Il est à noter que la loi prévoit également la modification des règles relatives aux visites de reprise et de pré-reprise qui devraient être fixées dans un décret à paraitre.

3. Amélioration de la formation à la santé et à la sécurité au travail

La loi santé au travail institue une obligation de formation en santé, sécurité et conditions de travail de tous les élus du CSE, quelle que soit la taille de l’entreprise, d’une durée minimale de cinq jours lors du premier mandat et de trois jours en cas de renouvellement, sauf pour les membres de la commission santé, sécurité et conditions de travail des entreprises d’au moins 300 salariés, auquel cas la formation lors du renouvellement devra également être de cinq jours.

Cette formation pourra être financée par les opco dans les entreprises de moins de 50 salariés, cette formation étant à la charge de l’employeur dans les entreprises de 50 salariés et plus.

La loi rend également obligatoire la formation du salarié désigné par l’employeur comme référent en santé et sécurité.

4. Réorganisation des services de santé au travail

Les services de santé au travail changent de nom et deviennent les services de prévention et de santé au travail.

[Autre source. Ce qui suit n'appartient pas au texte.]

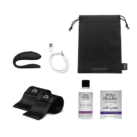 Moving As One – набор, который включает все необходимое для пикантной игры. Совместная работа Fifty Shades of Grey и We-Vibe подарит вам незабываемое удовольствие, которое вы обязательно повторите. Что в комплекте? Вибратор для пар We-Vibe Sync Lite изготовлен из безопасного для тела силикона. Гибкий корпус позволит подстроить стимулятор под особенности вашего тела. Устройство предлагает 10 режимов вибрации, которые переключаются кнопками на корпусе или с помощью приложения We-Connect. Также в набор входят атласные повязки, которые предназначены для фиксации рук или ног. Их длина составляет 126 см. Третий предмет в комплекте – это массажное ванильное масло объемом 90 мл. Соблазнительный аромат средства создаст атмосферу страсти и любви.
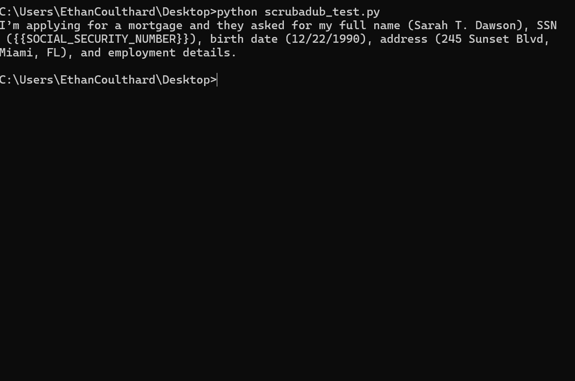 The demo will be done with the following text: "I’m applying for a mortgage and they asked for my full name (Sarah T. Dawson), SSN (456-78-9012), birth date (12/22/1990), address (245 Sunset Blvd, Miami, FL), and employment details."
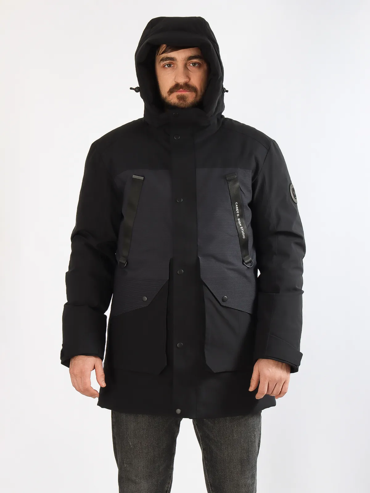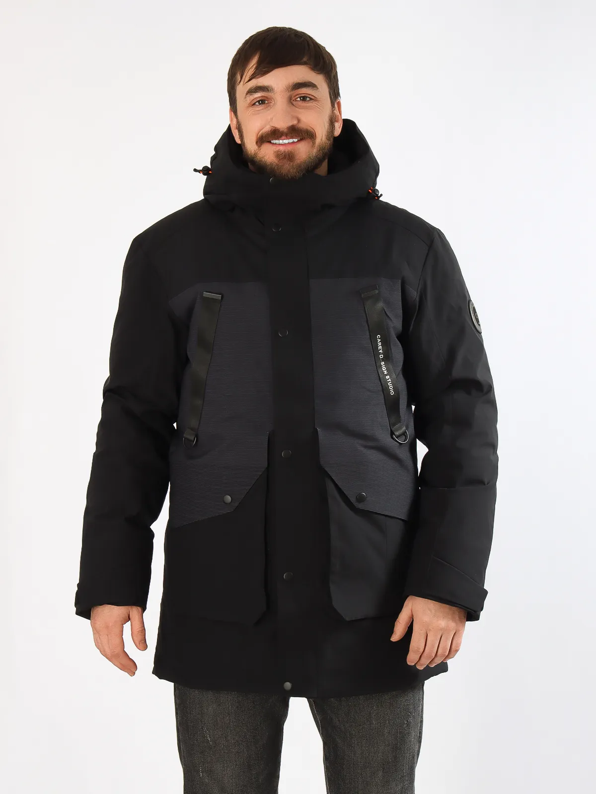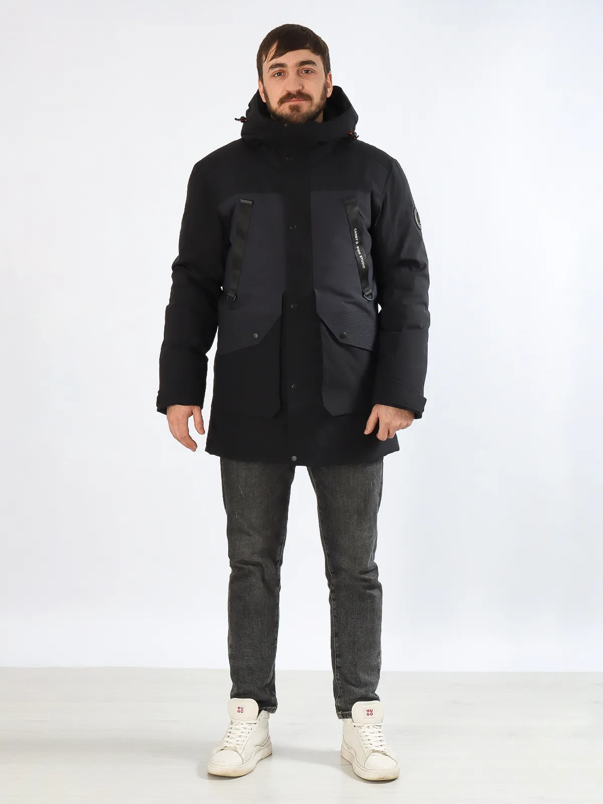 Куртка имеет удлиненный крой для дополнительной защиты от холода и высокий ветрозащитный воротник для удобства в холодную погоду.
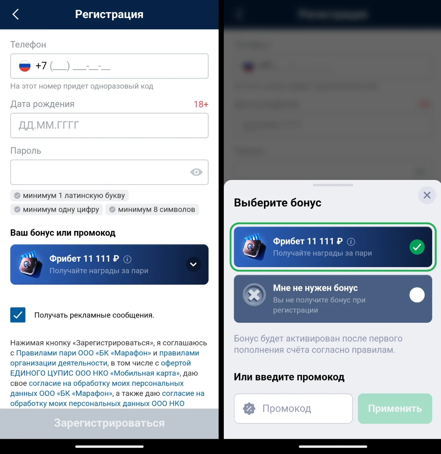 Акция «Фрибет 11 111 рублей» действует для всех новых пользователей, которые прошли регистрацию на сайте или в мобильном приложении «Марафон» и выбрали именно этот бонус в соответствующей форме. Далее необходимо выполнить следующие действия:
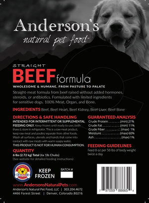 Anderson's Straight formulas have meat, bone and organ only. They are perfect for pet parents who want to be able to control every ingredient in their pets food. This can be because of allergies or sensitivities to certain foods, or because you enjoy customizing your pets diet.
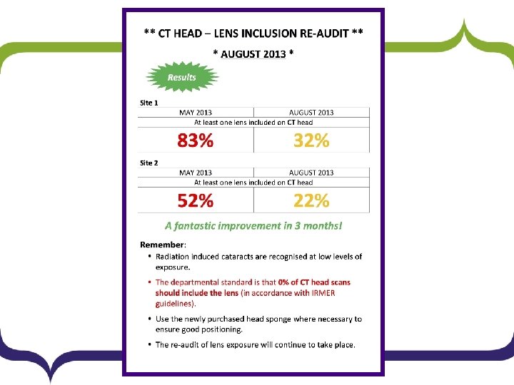 Further Recommendations § The positive results of the audit have been emailed to the radiographers and continued compliance is to be encouraged in departmental newsletters. § A further poster displaying the results of the audit has been displayed in the CT control room and staff room. § Re-audit will be performed in 9 months to monitor longterm compliance and the project has been added to the annual audit list.

Leurs missions sont complétées et vont notamment comprendre l’aide aux entreprises dans l’évaluation et la prévention des risques professionnels, l’accompagnement des employeurs et des salariés et de leur représentant dans l’analyse de l’impact des changements organisationnels importants dans l’entreprise sur les conditions de travail et de sécurité des salariés, ainsi que des actions de promotion de la santé sur le lieu de travail, de sensibilisation aux bénéfices de la pratique du sport et d’information et sensibilisation aux situations de handicap au travail.

Par ailleurs, la loi crée une cellule de prévention de la désinsertion professionnelle au sein des services de prévention et de santé au travail et autorise le recours aux téléconsultations pour assurer le suivi individuel des salariés.